SOURCE MATERIAL:
○ ○ ○ ○
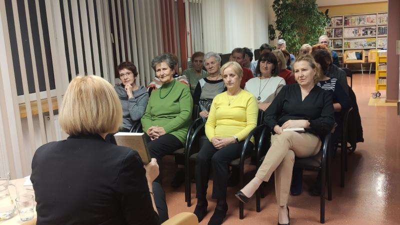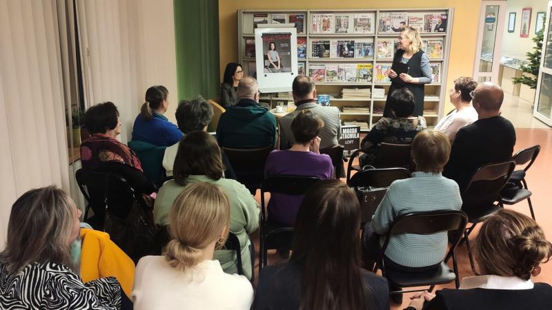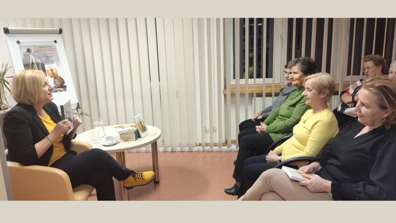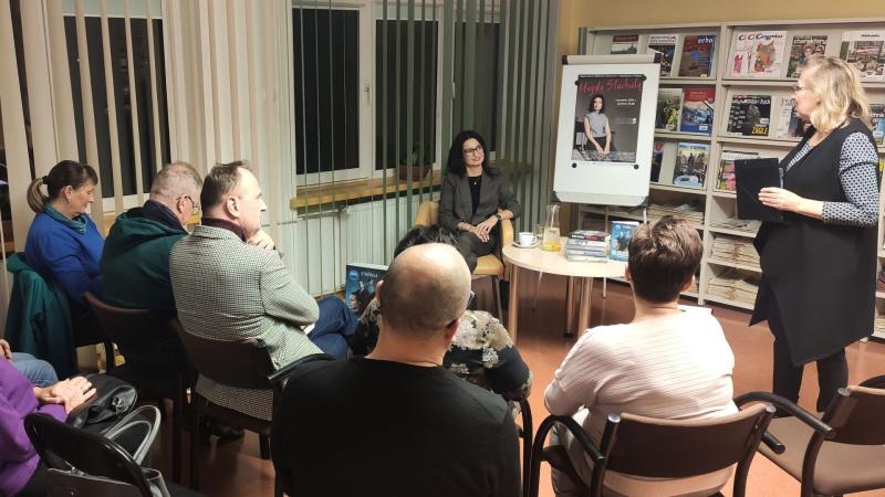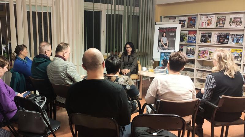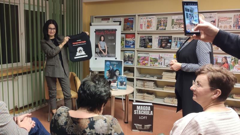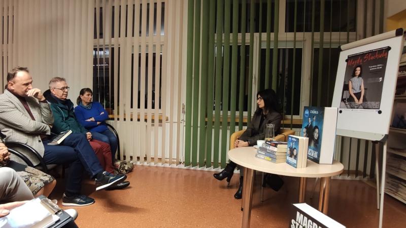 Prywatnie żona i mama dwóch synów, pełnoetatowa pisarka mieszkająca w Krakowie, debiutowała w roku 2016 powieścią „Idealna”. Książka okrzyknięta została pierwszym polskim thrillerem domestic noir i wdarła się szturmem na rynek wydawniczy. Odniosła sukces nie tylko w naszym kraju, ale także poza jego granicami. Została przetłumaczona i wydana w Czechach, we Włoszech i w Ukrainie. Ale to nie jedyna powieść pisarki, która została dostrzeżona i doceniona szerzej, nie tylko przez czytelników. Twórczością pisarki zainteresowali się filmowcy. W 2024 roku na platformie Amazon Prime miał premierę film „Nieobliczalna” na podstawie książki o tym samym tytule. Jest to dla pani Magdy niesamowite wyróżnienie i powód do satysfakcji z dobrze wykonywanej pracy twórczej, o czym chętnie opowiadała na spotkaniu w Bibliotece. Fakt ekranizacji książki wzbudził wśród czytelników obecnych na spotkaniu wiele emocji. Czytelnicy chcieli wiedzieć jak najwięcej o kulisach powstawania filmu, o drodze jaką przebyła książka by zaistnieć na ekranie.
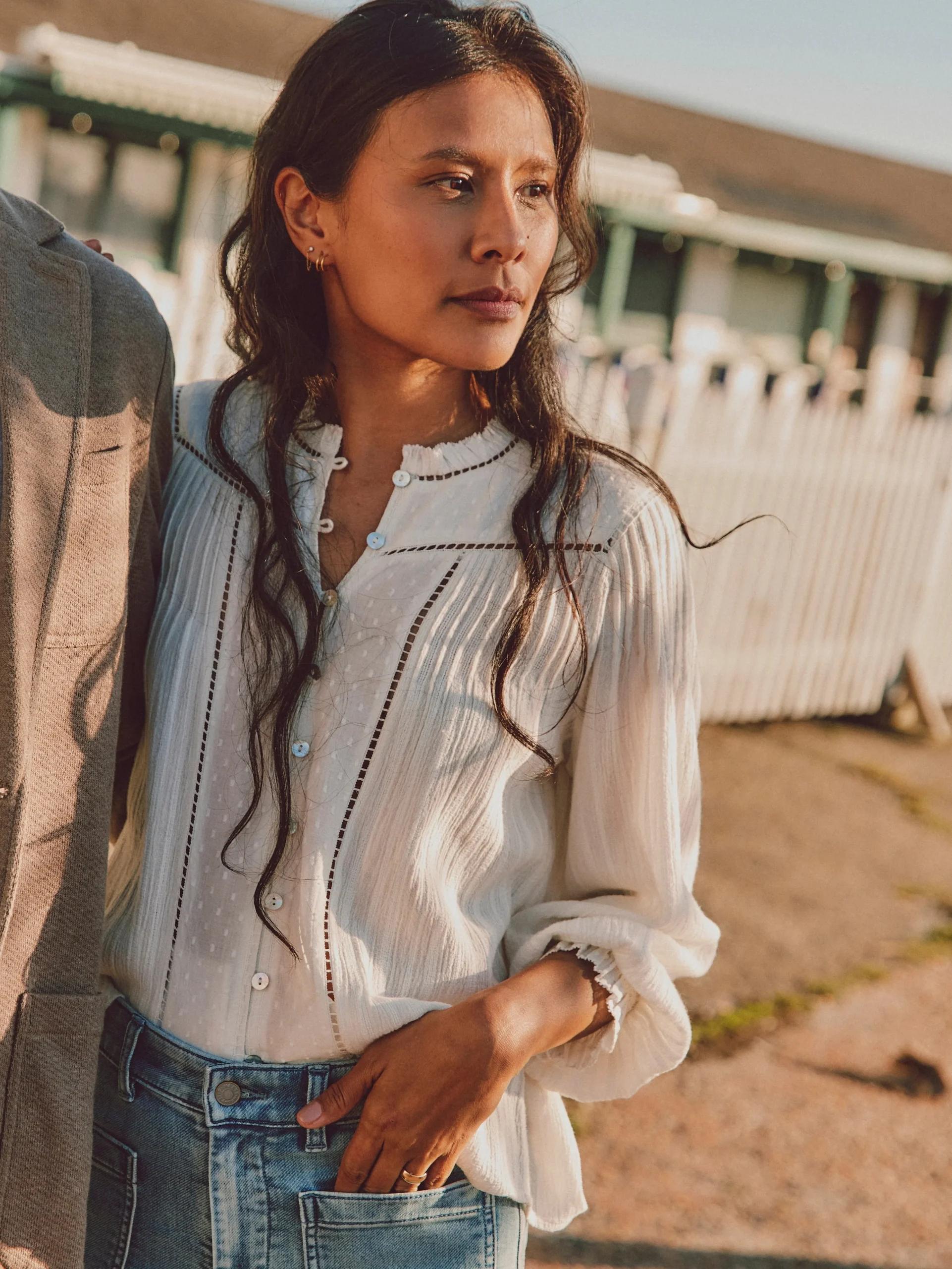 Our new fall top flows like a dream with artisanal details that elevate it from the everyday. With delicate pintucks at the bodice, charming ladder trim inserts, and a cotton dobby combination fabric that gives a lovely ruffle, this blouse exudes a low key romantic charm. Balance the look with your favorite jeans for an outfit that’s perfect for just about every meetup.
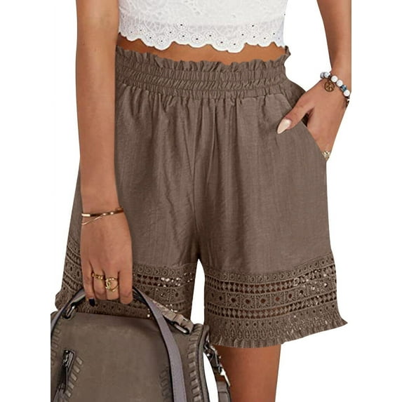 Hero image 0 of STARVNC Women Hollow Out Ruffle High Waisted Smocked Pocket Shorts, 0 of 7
○ ○ ○ ○
ABOUT THIS EXERCISE:
Starting from the line where "Our new fall" appears, copy every line through the end of the material, both ends included, but no pictures.

ANSWER BELOW:
 Our new fall top flows like a dream with artisanal details that elevate it from the everyday. With delicate pintucks at the bodice, charming ladder trim inserts, and a cotton dobby combination fabric that gives a lovely ruffle, this blouse exudes a low key romantic charm. Balance the look with your favorite jeans for an outfit that’s perfect for just about every meetup.
 Hero image 0 of STARVNC Women Hollow Out Ruffle High Waisted Smocked Pocket Shorts, 0 of 7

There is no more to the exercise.